Guns play a huge role in all of this. While overall murders committed by guns in Mexico are lower than the U.S. rate of 72.5% of all murders, it is still high: almost 55% in both 2009 and 2010, up from nearly 40% in 2007 and 2008, and far higher than the 31% in Calderón’s first year in power, 2006, and the 28.5% in 2005 before he took office. This means the gun-problem in Mexico is getting dramatically worse in recent years; compared with the period before Calderón, Mexico has seen a roughly 1.85 times increase in the gun-murder rate through 2010, a 2.75 times increase in the overall murdersthrough 2011, and over 3.5 times the gun murders through 2010.
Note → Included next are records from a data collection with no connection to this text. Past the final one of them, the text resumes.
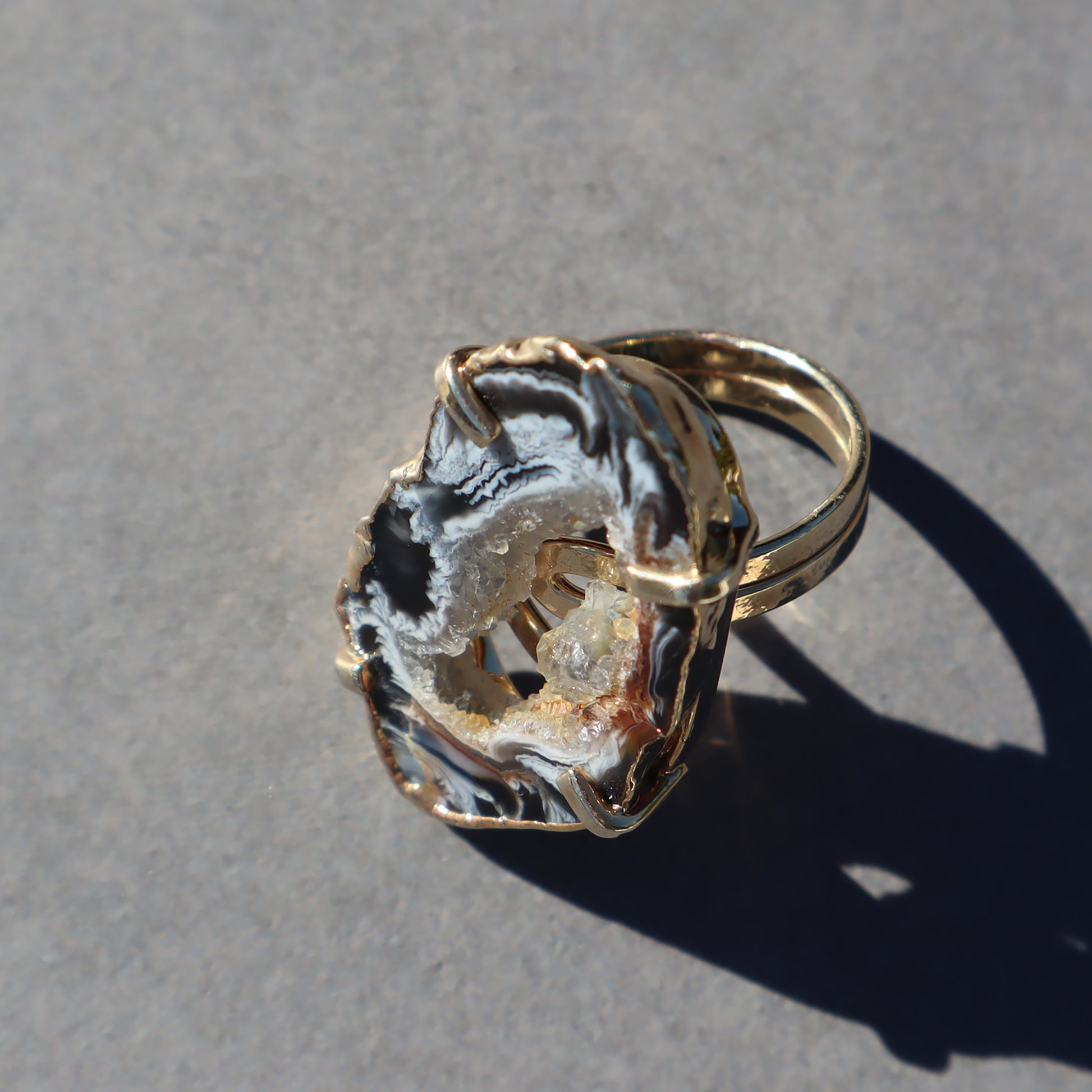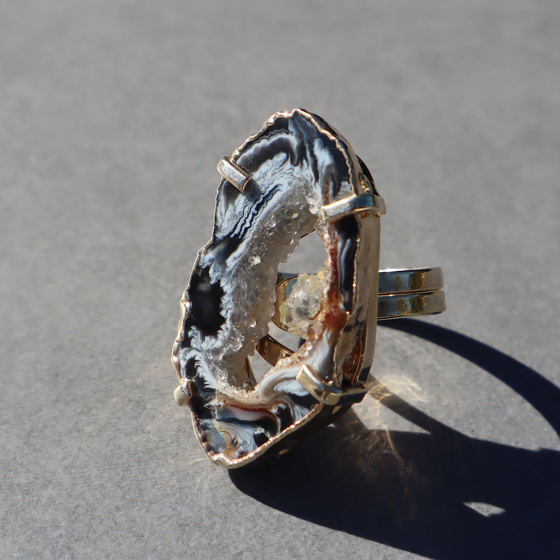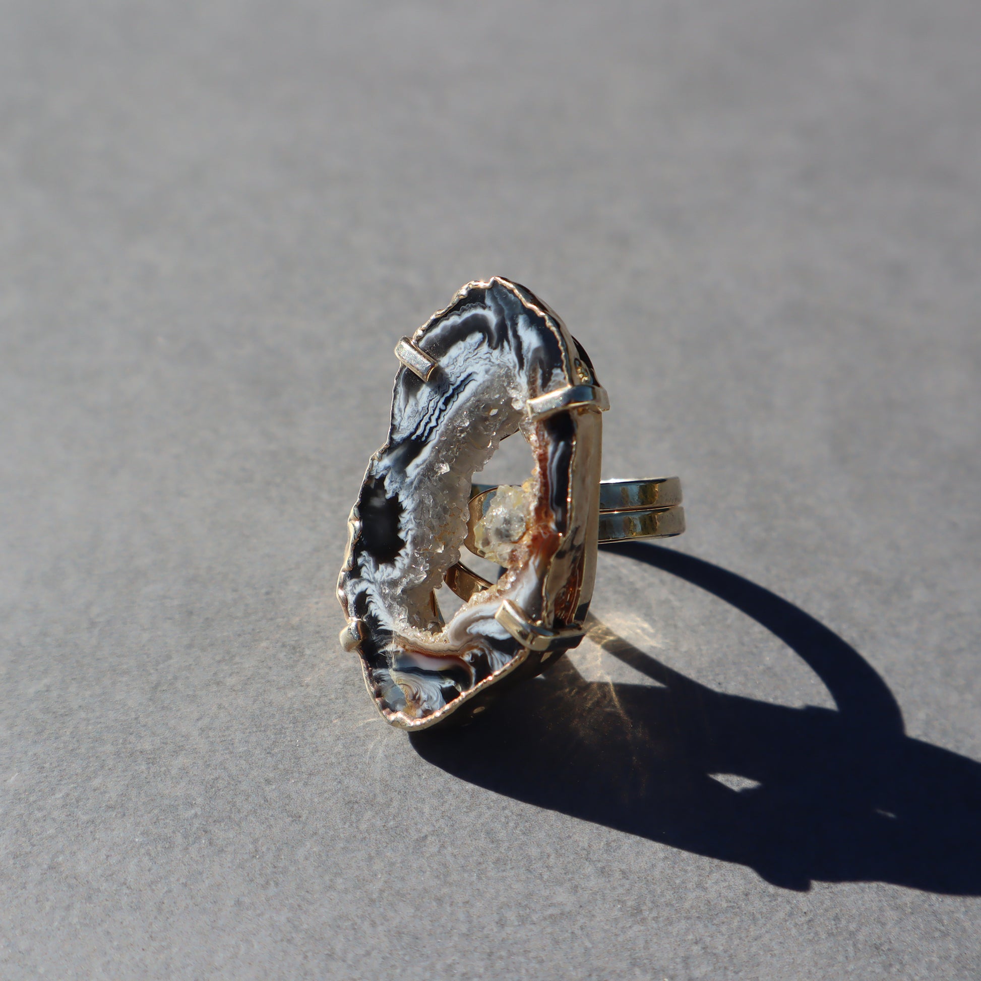 The exquisite handmade druzy crystal ring showcases stunning banded agate, infused with earnest tones and mesmerizing patterns that capture the light with every movement. Sparkling druzy crystals are presented as the centerpiece and are a natural geode slice that radiates a sense of organic elegance.
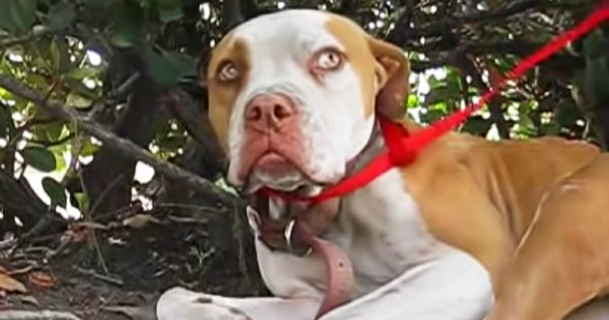 Ensam och blyg. Pitbullen som heter Karma hittades under en buske nära en väg i Long Beach, Kalifornien. Det var djurskyddsorganisationen Hope for paws som fick höra att hon fanns där, och de åkte dit.
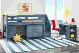 The ultimate collection for your color obsession is finally here with the Modern Colors full low loft bed. Constructed from poplar solids in slate blue finish, each piece balances ultra-sleek craftsmanship with easygoing comfort. Featuring a full bed that sits lower to the ground than a traditional loft, this piece has a reversible staircase that can be affixed to either side of the bed. The steps feature storage drawers that are perfect for stashing away clothing, books and more. The coordinating loft chest has three drawers crafted with front French dovetail joints and ball bearing, side mounted glides. A matching 37-inch bookcase can shelve books, comics, magazines, decor and more. The hardware is finished in brushed nickel but brushed gold knobs and pulls are also included with purchase. Mattress and foundation (if required) sold separately. This product requires a bunkie board (sold separately).
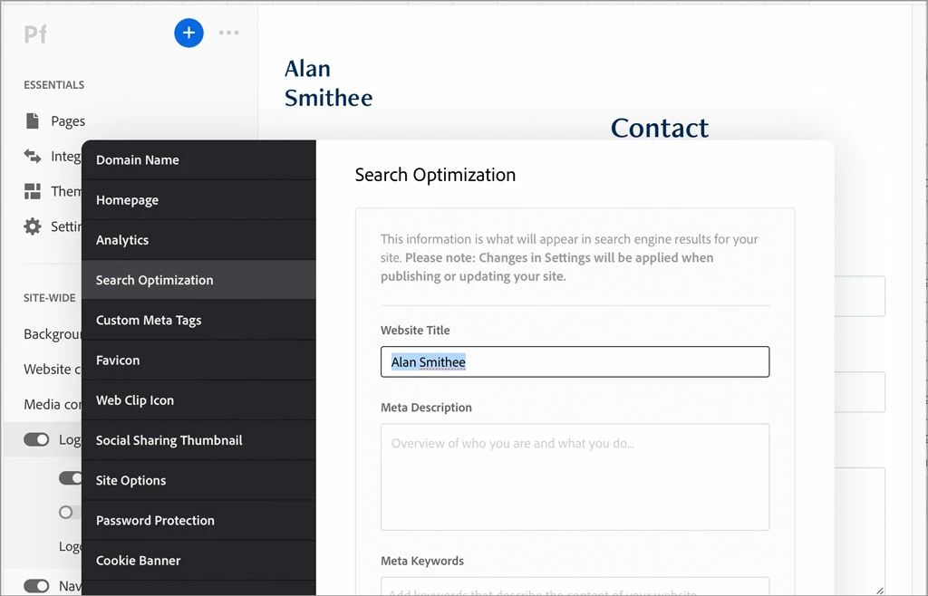 I've created my website through Adobe Portfolio and have an irritating issue. While viewing my website, you can see in the browser tab it says "Nina England" which is my old last name and I cannot figure out how to fix that. I made sure to update my Adobe Creative Cloud Account profile name to reflect my new last name, though this issue still persists. Obviously I'm missing something, does anyone know how I can correct this? It's super annoying when I share my website with people, the thumnail hyperlink also says Nina England, and they ask why. It's embarrassing that I don't know how to correct this.
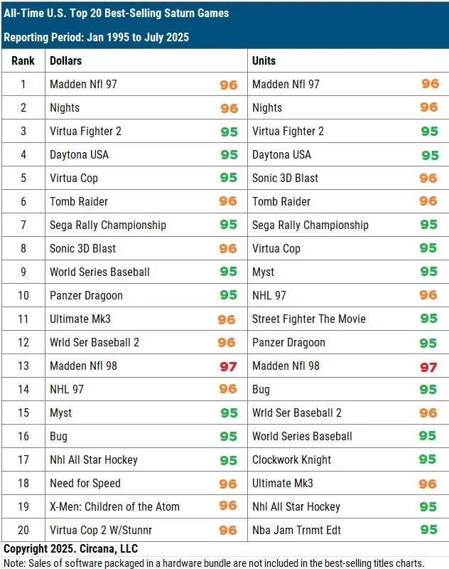 Четыре лучшие игры в обоих списках одинаковы: Madden NFL 97, Nights into Dreams, Virtua Fighter 2 и, наконец, Daytona USA. После этого списки начинают различаться. В соответствии с политикой Circana, цифры продаж и суммы в долларах не приводятся. Тем не менее, из позиций в рейтингах и различий между двумя столбцами можно сделать множество выводов.
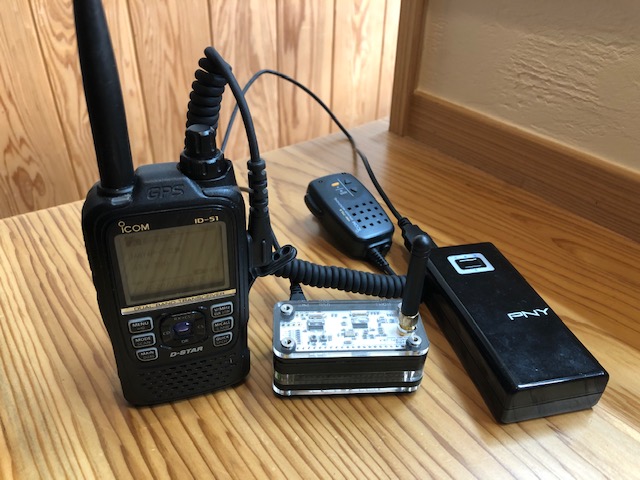 この写真にあるセットはD-Starモビールセットです。HotSpotはDV MEGA+RaspberryPi、 TP-LINK社のモビールルータ―を介してID-31からQSOをしています。

For Americans, here comes the part where they might want to pay close attention: huge amounts of U.S. guns have been seized at Mexican crime scenes, over 20,000 in 2009 and 2010 alone, and those are just the arms seized by Mexican authorities, not those still in use by the cartels. Additionally, in just the year, 2009, 37,000 guns were seized at the U.S.-Mexican border alone.  And while stricter gun laws have helped California become a less attractive place for Mexican cartels and other undesirables to get a hold of firearms, that is not the case in Arizona, New Mexico, and Texas.  Overall, a conservative estimate has some 252,000 guns sold in the U.S. through “straw man” deals being trafficked  into Mexico every year, with a report using data from the U.S. Bureau of Alcohol, Tobacco, Firearms, and Explosives (ATF) and published by several sitting Democratic U.S. senators (some cry politics because of this) noting that 70% (it used to be 90%) of all the guns that Mexican authorities traced originated from the U.S.  Only about 30 percent of seized guns in Mexico have been subjected to tracing, but however incomplete the information, the bottom line is that very large numbers of guns being used to commit crimes in Mexico come from the U.S., whether it is 90% of them, 70%, or much less. And that means Mexicans are dying because of U.S.-originated weapons falling into the wrong hands. There is a reason the Mexicans cartels come here to buy guns instead of trying in Mexico: it is easier to get guns in the U.S.  As I discussed in my previously cited article, there are some relatively easy ways to reduce these numbers, since so many of the guns used by criminals come from such a small portion of dealers. But that means universal background checks, closing loopholes, and more funding for the ATF to go after the bad gun dealers, as I argued earlier. Too bad a background check measure was filibustered by Republicans in the Senate even as I was writing this article.

There is only hope if there is political will, and that seems to be lacking.

Since I wrote this article in 2013, drug-related gun violence has been declining, but is still a very serious problem confronting both U.S. and Mexican officials.